Bioinformatics and Omics Data Analytics, German Cancer Research Center (DKFZ), Heidelberg, Germany; Hopp Children's Cancer Center (KiTZ), Heidelberg, Germany; Division of Pediatric Neurooncology, German Cancer Research Center (DKFZ) and German Cancer Consortium (DKTK), Heidelberg, Germany; Faculty of Biosciences, Heidelberg University, Heidelberg, Germany.

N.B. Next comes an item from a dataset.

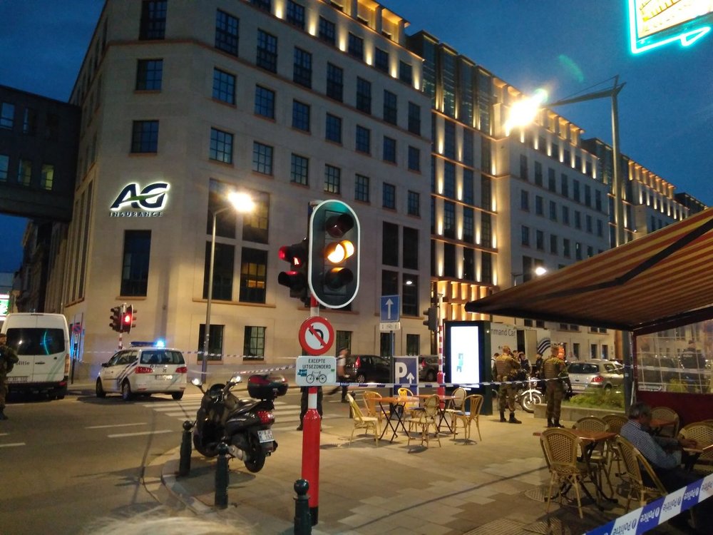 Belgian Police covering the scene after a machete attack ended by retaliating soldiers firing. #Brusselsattack #Brussels #Bruxelles pic.twitter.com/fZRZ6MfTcI

Hopp Children's Cancer Center (KiTZ), Heidelberg, Germany; Clinical Cooperation Unit Pediatric Oncology, German Cancer Research Center (DKFZ) and German Cancer Consortium (DKTK), Heidelberg, Germany.

出版信息

Pharmacol Res. 2022 Jan;175:105996. doi: 10.1016/j.phrs.2021.105996. Epub 2021 Nov 27.

Abstract

High throughput screening methods, measuring the sensitivity and resistance of tumor cells to drug treatments have been rapidly evolving. Not only do these screens allow correlating response profiles to tumor genomic features for developing novel predictors of treatment response, but they can also add evidence for therapy decision making in precision oncology. Recent analysis methods developed for either assessing single agents or combination drug efficacies enable quantification of dose-response curves with restricted symmetric fit settings. Here, we introduce iTReX, a user-friendly and interactive Shiny/R application, for both the analysis of mono- and combination therapy responses. The application features an extended version of the drug sensitivity score (DSS) based on the integral of an advanced five-parameter dose-response curve model and a differential DSS for combination therapy profiling. Additionally, iTReX includes modules that visualize drug target interaction networks and support the detection of matches between top therapy hits and the sample omics features to enable the identification of druggable targets and biomarkers. iTReX enables the analysis of various quantitative drug or therapy response readouts (e.g. luminescence, fluorescence microscopy) and multiple treatment strategies (drug treatments, radiation). Using iTReX we validate a cost-effective drug combination screening approach and reveal the application's ability to identify potential sample-specific biomarkers based on drug target interaction networks. The iTReX web application is accessible at https://itrex.kitz-heidelberg.de.

摘要

高通量筛选方法,用于测量肿瘤细胞对药物治疗的敏感性和耐药性,正在迅速发展。这些筛选方法不仅可以将反应谱与肿瘤基因组特征相关联,从而开发出新的治疗反应预测因子,还可以为精准肿瘤学中的治疗决策提供依据。最近开发的用于评估单一药物或联合药物疗效的分析方法,可以在受限的对称拟合设置下定量剂量反应曲线。在这里,我们介绍了 iTReX,这是一个用户友好且互动的 Shiny/R 应用程序,用于分析单药和联合治疗反应。该应用程序具有基于高级五参数剂量反应曲线模型的积分的扩展版药物敏感性评分 (DSS),以及用于联合治疗分析的差分 DSS。此外,iTReX 还包括可视化药物靶标相互作用网络的模块,并支持检测顶级治疗靶点与样本组学特征之间的匹配,从而能够识别可用药靶标和生物标志物。iTReX 可以分析各种定量药物或治疗反应读数(例如发光、荧光显微镜)和多种治疗策略(药物治疗、放射治疗)。使用 iTReX,我们验证了一种具有成本效益的药物联合筛选方法,并揭示了该应用程序基于药物靶标相互作用网络识别潜在样本特异性生物标志物的能力。iTReX 网络应用程序可在 https://itrex.kitz-heidelberg.de 访问。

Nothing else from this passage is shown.